Health systems have been slow to comply with new federal requirements that require them to publicly disclose the prices they charge for medical services, prompting federal officials to increase pressure on them to comply. Many hospitals seem to have taken a wait and see attitude on the rules amid a change of leadership in the White House. But the Biden administration shows no signs of abandoning price transparency.

“It’s not going anywhere,” said Morgan Lewis partner Susan Fagin Harris.

Hospitals are stepping on their heels.

“We are deeply concerned about the proposed increase in penalties for non-compliance, especially in light of significant uncertainty in the interpretation of the rules,” Stacey Hughes, executive vice president of the American Hospital Association, said in a statement.

Since then, usually in effect in January, hospitals have adhered to it everywhere. According to the Patient Rights Advocate’s analysis, more than 80% of the 500 randomly selected hospitals did not publish rates negotiated with third-party payers, half did not disclose any agreed rates at all, and about 40% did not distribute cash discounts. held from May to July. The vast majority of hospitals do not publish all of the agreed rates for specific payers and plans.

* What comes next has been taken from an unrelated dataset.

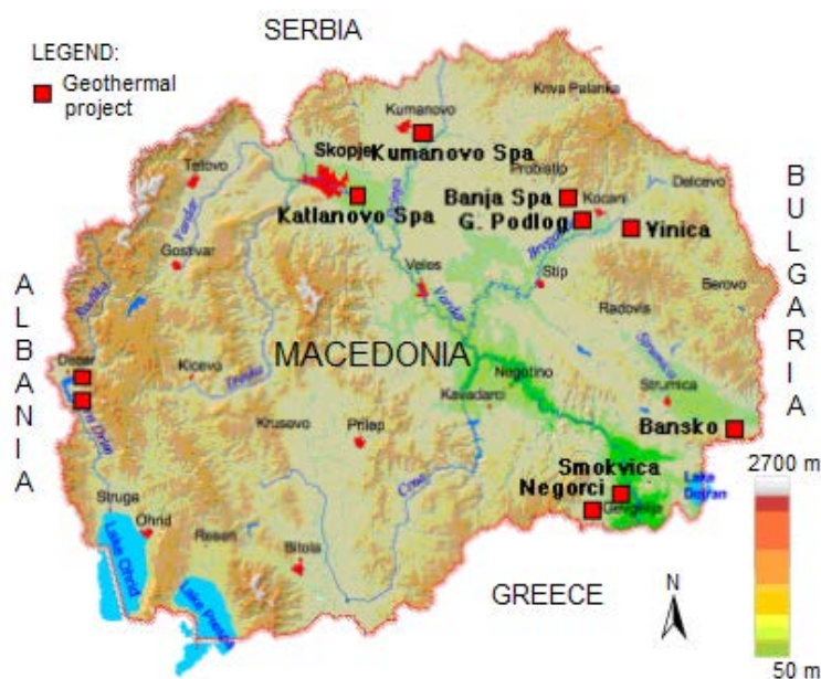
Fig. 3. Location of geothermal projects in Macedonia

There are two geothermal fields in the Skopje valley: Volkovo and Katlanovo spa. There is no hydraulic connection between them. The main characteristics of the Skopje hydro-geothermal system are: maximum measured temperature of 54.4°C and predicted reservoir temperature (by chemical geothermometers) of 80–115°C (Gorgieva 1989); the primary reservoir is composed of Precambrian and Paleozoic marbles; large masses of travertine deposited during the Pliocene and Quaternary period along the valley margins. There are only five boreholes with depths of 86 m in Katlanovo spa, 186 and 350 m in Volkovo and 1,654 and 2,000 m in the middle part of the valley. The last two boreholes are without geothermal anomaly and thermal waters because of their locations in Tertiary sediments with thickness up to 3,800 m. (Gorgieva 2002)

Only 6% of hospitals met all the requirements of the rule.

But that could start to change as the CMS clarifies the rules and hospitals fight to avoid the ire of regulators.

“The larger the fine, the more priority it becomes,” said Feigin Harris.

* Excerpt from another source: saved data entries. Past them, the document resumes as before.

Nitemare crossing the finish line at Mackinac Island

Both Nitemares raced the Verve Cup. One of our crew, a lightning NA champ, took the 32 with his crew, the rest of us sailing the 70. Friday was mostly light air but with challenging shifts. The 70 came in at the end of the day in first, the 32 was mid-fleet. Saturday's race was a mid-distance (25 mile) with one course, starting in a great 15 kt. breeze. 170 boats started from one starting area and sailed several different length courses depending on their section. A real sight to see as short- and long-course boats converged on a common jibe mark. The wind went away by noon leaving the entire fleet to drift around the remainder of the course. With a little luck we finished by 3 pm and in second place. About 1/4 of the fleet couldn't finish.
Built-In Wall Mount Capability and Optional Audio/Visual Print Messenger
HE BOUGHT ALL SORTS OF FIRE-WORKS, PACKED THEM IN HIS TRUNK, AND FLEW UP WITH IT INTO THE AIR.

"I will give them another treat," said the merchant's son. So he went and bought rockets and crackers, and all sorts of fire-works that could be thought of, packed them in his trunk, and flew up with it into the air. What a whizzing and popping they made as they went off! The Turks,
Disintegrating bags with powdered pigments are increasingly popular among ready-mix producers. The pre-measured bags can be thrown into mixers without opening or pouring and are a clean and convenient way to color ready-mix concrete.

In the proposed rule, the CMS asked the public to comment on best practices for online pricing tools, describing available purchases in plain language, standardizing machine-readable files, and ways to identify and distinguish hospitals that provide price transparency.

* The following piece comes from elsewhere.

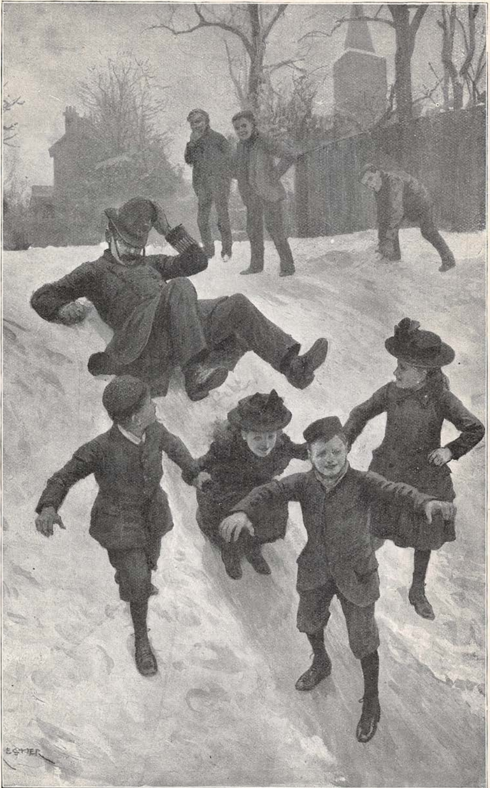
JUSTICE ON THE HEELS OF CRIME. From the drawing by Forestier.

The agency may also set new minimum transparency standards for hospitals to avoid penalties in its final rule later this year, said Ann Phelps, head of US health policy and regulation at Deloitte.

Price transparency could escalate into a competition issue after the co-insurer rule takes effect in January. Hospitals can increasingly promote their quality and patient experience along with pricing information, Phelps said.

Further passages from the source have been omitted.